Hard drives fail, people leave bad reviews. In the case of the WD red drives...you have all the bad reviews about the head parking issue.


----------



## A J Ricaud (Jun 25, 2002)

mickinct said:


> Error The promo code ESCKAAW29 is for a product not in your shopping cart. Please check your promo code and try again. not valid??


That's weird. I looked at the email again and that is the code listed.


----------



## mickinct (Sep 14, 2015)

A J Ricaud said:


> That's weird. I looked at the email again and that is the code listed.

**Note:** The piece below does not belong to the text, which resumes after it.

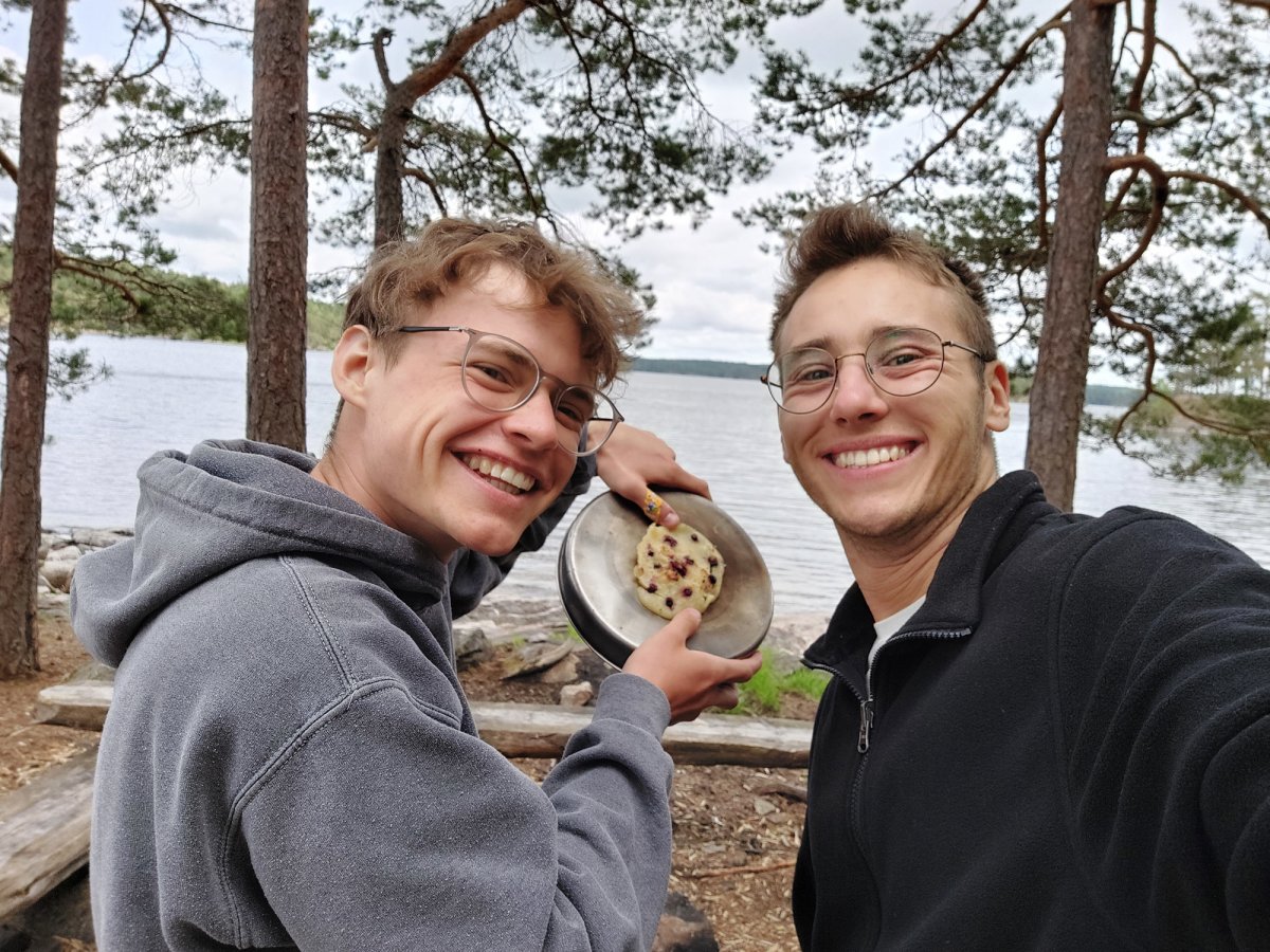 Tag 6 begann für uns mit Pancakes und den gepflückten Heidelbeeren vom Vortag. Trotz der anfänglichen Schwierigkeiten, die Flamme auf perfekte Größe zu bringen, gelang es und zum Ende hin recht gut. Außerdem was es ein ganz besonderes Gefühl, Pancakes mitten im Wald zuzubereiten und zu essen.

Add to your cart to see price.


----------



## heifer624 (Jul 12, 2009)

WD Green WD30EZRX 3TB IntelliPower 64MB Cache SATA 6.0Gb/s 3.5" Internal Hard Drive Bare Drive - OEM

Extra savings w/ promo code ESCKAAW29, ends 10/12

**Promotion expires at 11:59PM PT on 10/12/15.

$129.99

With Code
$84.99


----------



## henryr10 (Aug 20, 2015)

On sale w/o code for $92.99. And yes it is $84.00 W/ Code.

$92.99 at Amazon also. 
Had a $10 credit I had to use so got it for $82.99 and as I have Prime free 2 day shipping.
Ordered one.
Be here Sunday.
Thanks for pointing out this drive!

Just got a note from Paypal and I get a 1% rebate so $0.83 less.... LOL!


----------



## henryr10 (Aug 20, 2015)

BTW The reviews at Amazon were MUCH more supportive of the Drive.


----------



## lessd (Jan 23, 2005)

mickinct said:


> Error The promo code ESCKAAW29 is for a product not in your shopping cart. Please check your promo code and try again. not valid??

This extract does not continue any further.